▸ Given records
BEGIN

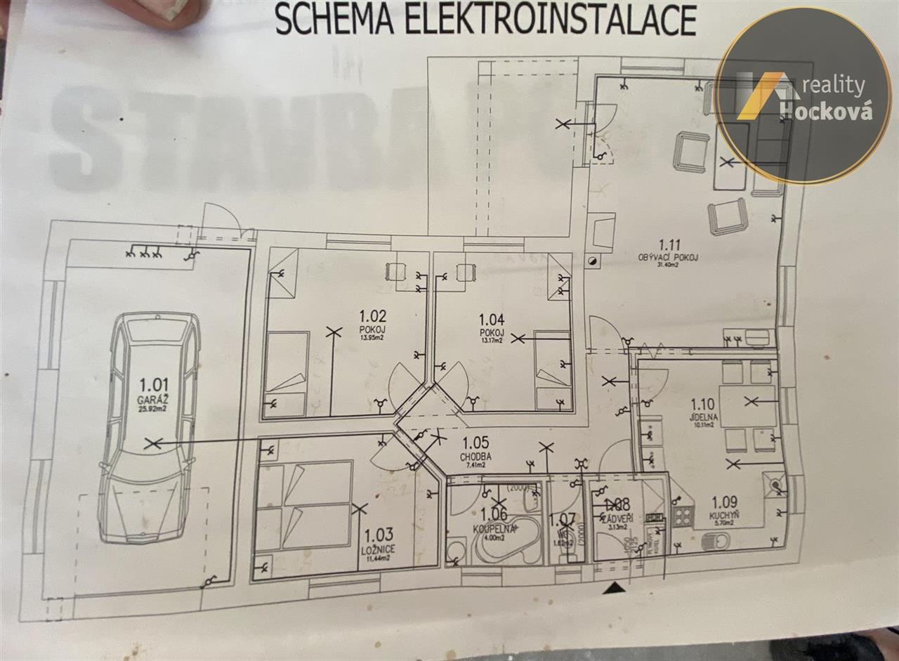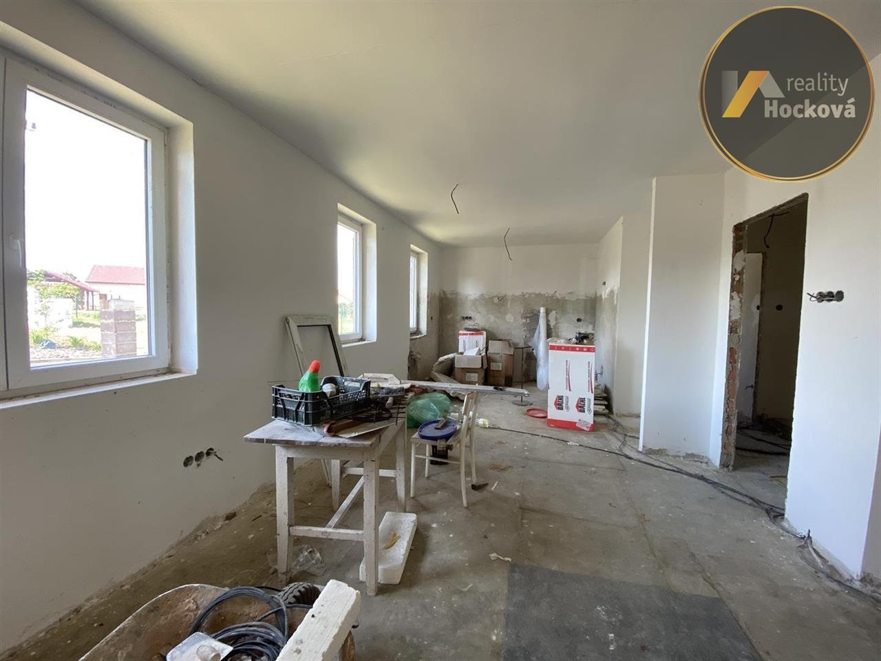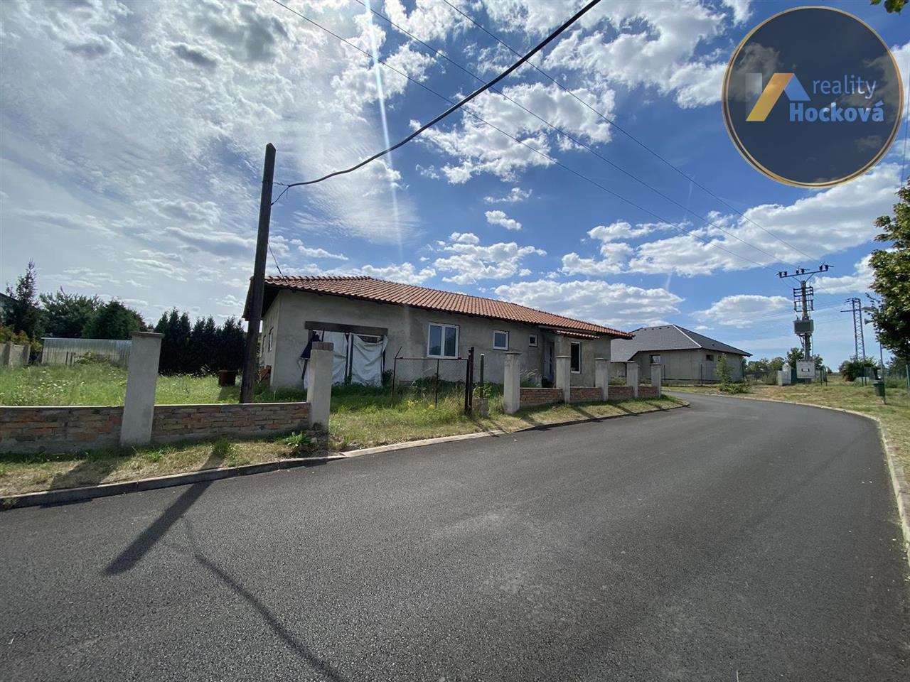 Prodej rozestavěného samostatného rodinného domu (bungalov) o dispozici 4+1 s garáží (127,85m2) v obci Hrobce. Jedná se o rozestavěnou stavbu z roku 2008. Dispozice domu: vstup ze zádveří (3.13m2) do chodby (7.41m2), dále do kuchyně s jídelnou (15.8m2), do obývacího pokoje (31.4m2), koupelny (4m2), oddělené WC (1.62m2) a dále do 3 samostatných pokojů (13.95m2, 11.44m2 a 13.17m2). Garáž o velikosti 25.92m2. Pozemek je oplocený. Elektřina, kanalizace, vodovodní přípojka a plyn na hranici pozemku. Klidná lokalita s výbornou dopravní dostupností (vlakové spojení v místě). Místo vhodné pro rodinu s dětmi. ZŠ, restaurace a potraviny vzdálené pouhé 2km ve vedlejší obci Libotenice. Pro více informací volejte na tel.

END
BEGIN

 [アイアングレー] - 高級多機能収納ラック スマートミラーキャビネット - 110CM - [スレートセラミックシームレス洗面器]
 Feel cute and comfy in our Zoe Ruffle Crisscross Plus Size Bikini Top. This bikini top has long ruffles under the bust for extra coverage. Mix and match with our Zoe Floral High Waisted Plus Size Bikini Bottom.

END

▸ Task goal
All lines above from the line with "[アイアングレー] - 高級多機能収納ラック" through the line with "Feel cute and", both included, are to be set down exactly, with nothing else.

▸ Written response
 [アイアングレー] - 高級多機能収納ラック スマートミラーキャビネット - 110CM - [スレートセラミックシームレス洗面器]
 Feel cute and comfy in our Zoe Ruffle Crisscross Plus Size Bikini Top. This bikini top has long ruffles under the bust for extra coverage. Mix and match with our Zoe Floral High Waisted Plus Size Bikini Bottom.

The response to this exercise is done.